WHAT TO PRODUCE: Each line from the one bearing "technical support services." through the last line of the entries below should be returned exactly, with pictures left out.

SOURCE INFORMATION:
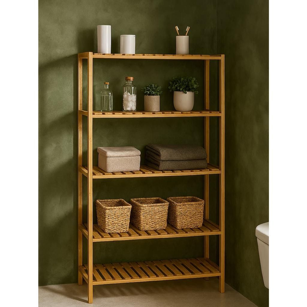 S pěti policemi vám regál poskytne dostatek místa pro uložení dekorací, knih, ručníků nebo dalších věcí, které chcete mít přehledně uspořádané a stále po ruce. Otevřená konstrukce přispívá k dobré cirkulaci vzduchu a zároveň vytváří lehký vizuální dojem.
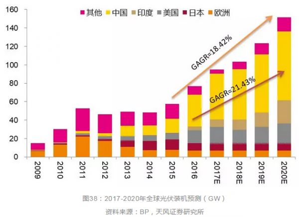 通过国内成熟、高增长及新型市场的剖析,我们认为全球光伏市场正在去中心化,一个市场的的波动或许对光伏产业链造成一些波动,但已经远不能造成寒冬式的冲击。行业成本下降速度超出预期,补贴和指标限额的天花板逐渐提高,越来越多的新兴市场开始投资光伏,行业正在逐渐摆脱补贴,依靠市场驱动力增长。预计到2020年,中国、美国、印度以及全球新增装机将达到75GW、22GW、25GW、151GW;国内复合增长率达到21.43%,全球复合增长率达到18.42%。
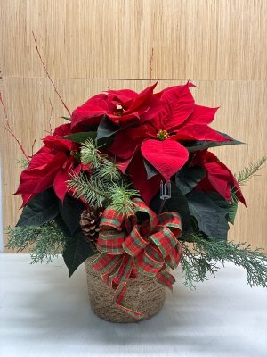 First, the lady who took my order was patient and let me take time to decide. And so friendly. Customer service is alive and well at Breen's! My cousin Kathy seemed so please with this festive arrangement which was perefect for Christmas and through to New Year's! Many thanks
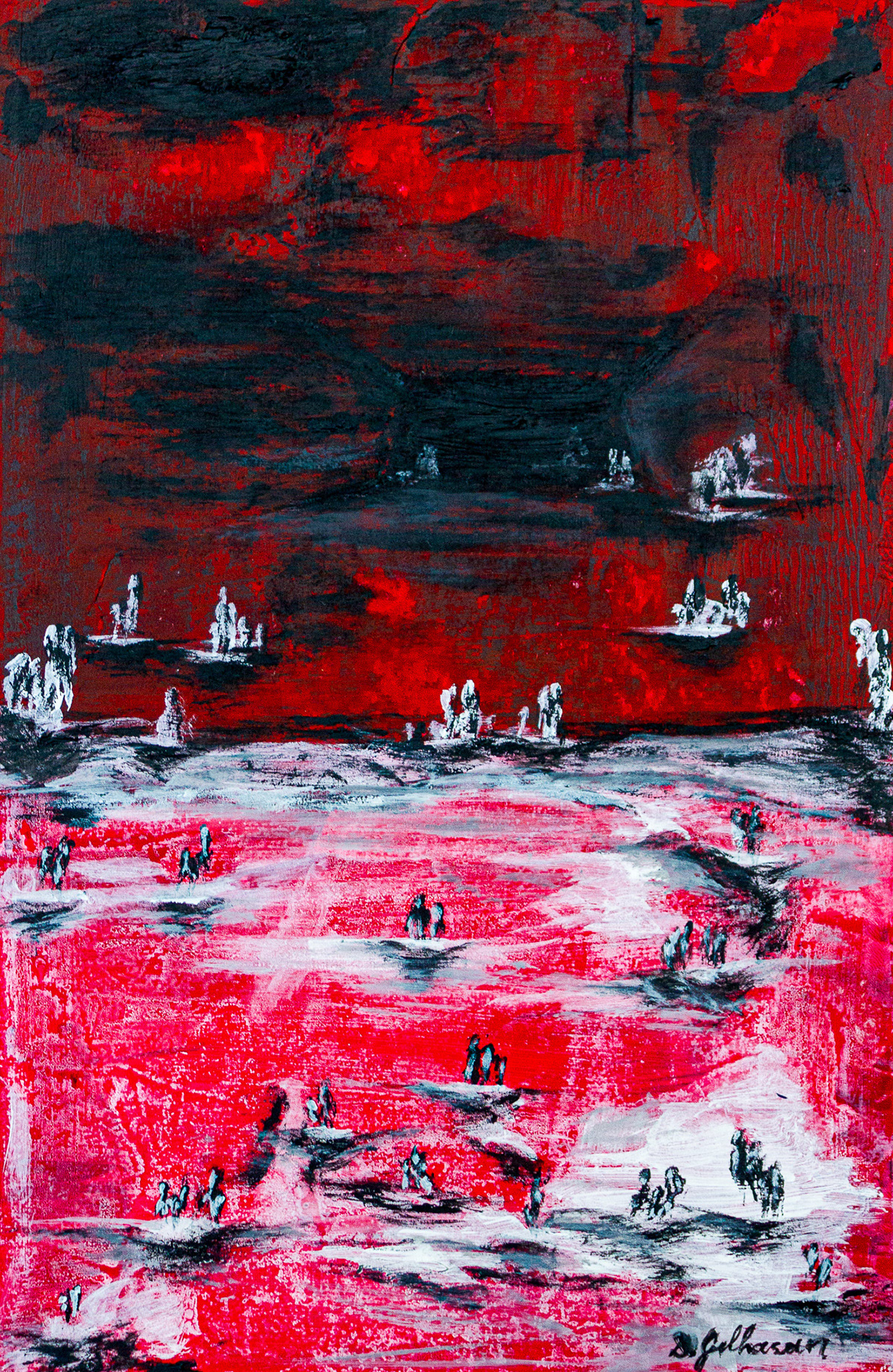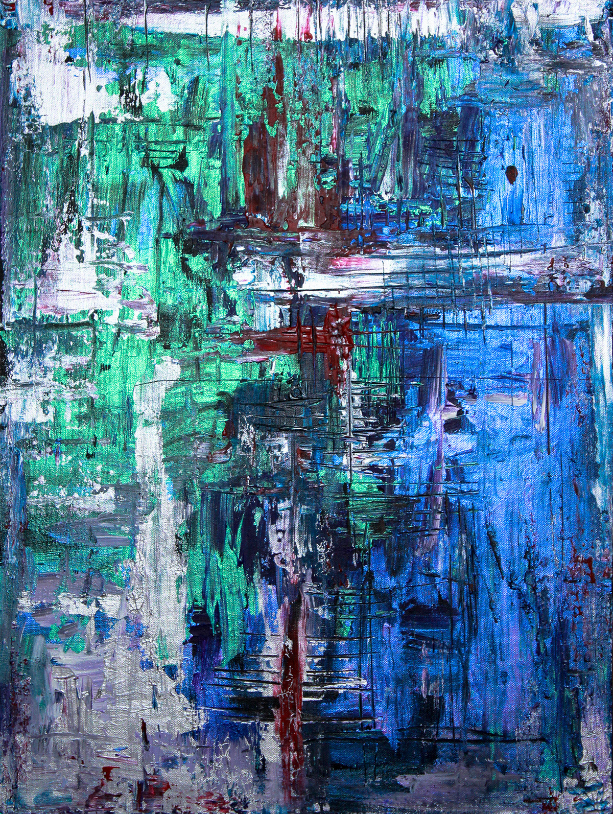Each painting becomes a kind of surface diary, a visual record of what it felt like to be in a particular state without needing to explain why. The marks are intuitive, layered, and responsive. Textures build up, break apart, and settle again. Paint is dragged, scratched, blended, wiped away. The process mirrors emotion itself. Sometimes soft. Sometimes abrupt. Always shifting.
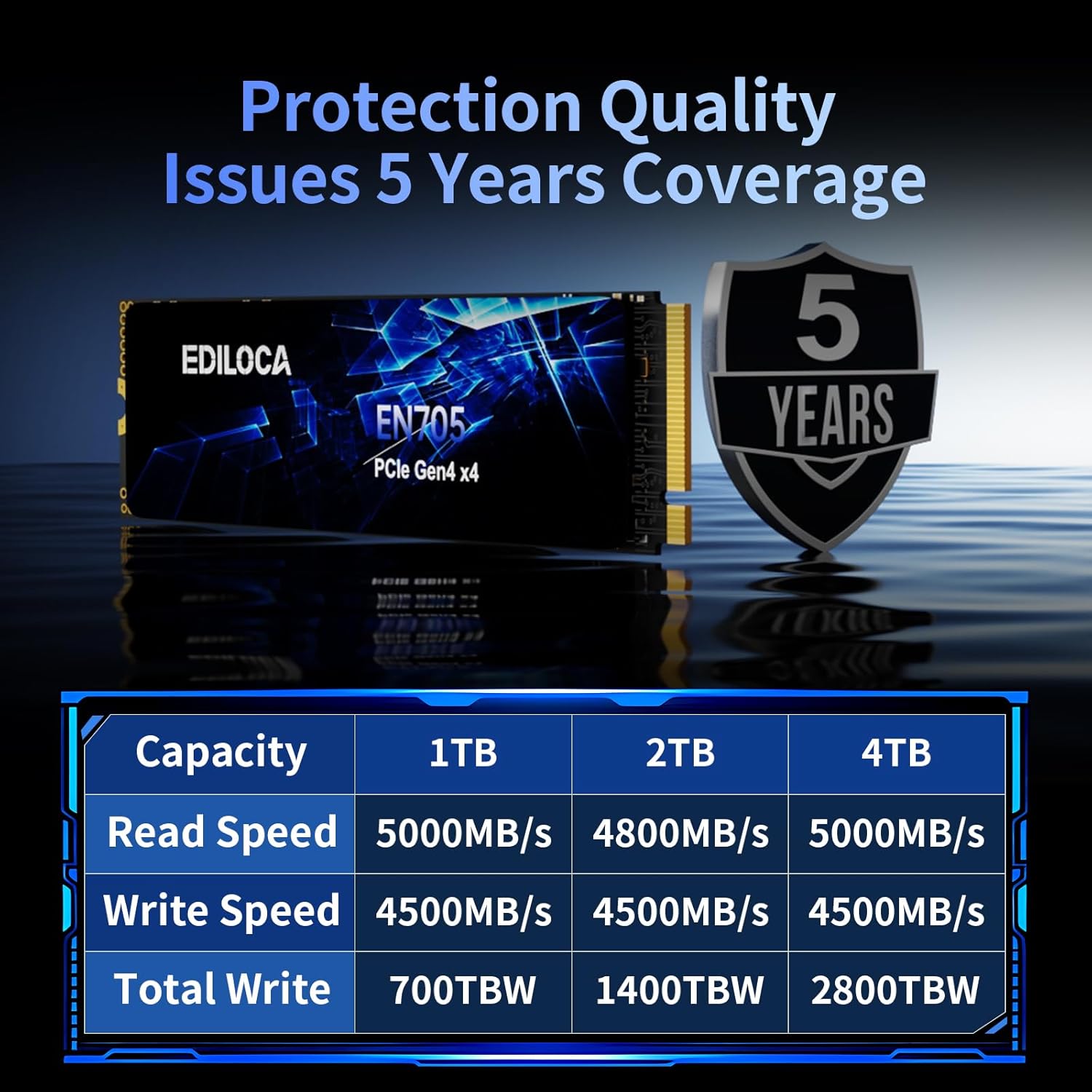 【Trusted Storage Solution】Backed by Ediloca's 5-year limited warranty and US-based technical support. Kit includes installation screwdriver, mounting screw, and illustrated multilingual guide. 30-day hassle-free returns guaranteed.Ediloca is committed to providing comprehensive storage application solutions to global customers.If you have any questions about this NVMe SSD, we will provide you with technical support services.
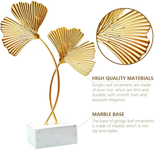 JLNGTHONG Metal Ginkgo Leaf Ornaments, Gold Ginkgo Leaf Desktop Decoration Sculpture, Modern Creative Home Décor Accents Statue for Office, Bedroom, Bookshelf

SOLUTION TO THIS EXERCISE:
 【Trusted Storage Solution】Backed by Ediloca's 5-year limited warranty and US-based technical support. Kit includes installation screwdriver, mounting screw, and illustrated multilingual guide. 30-day hassle-free returns guaranteed.Ediloca is committed to providing comprehensive storage application solutions to global customers.If you have any questions about this NVMe SSD, we will provide you with technical support services.
 JLNGTHONG Metal Ginkgo Leaf Ornaments, Gold Ginkgo Leaf Desktop Decoration Sculpture, Modern Creative Home Décor Accents Statue for Office, Bedroom, Bookshelf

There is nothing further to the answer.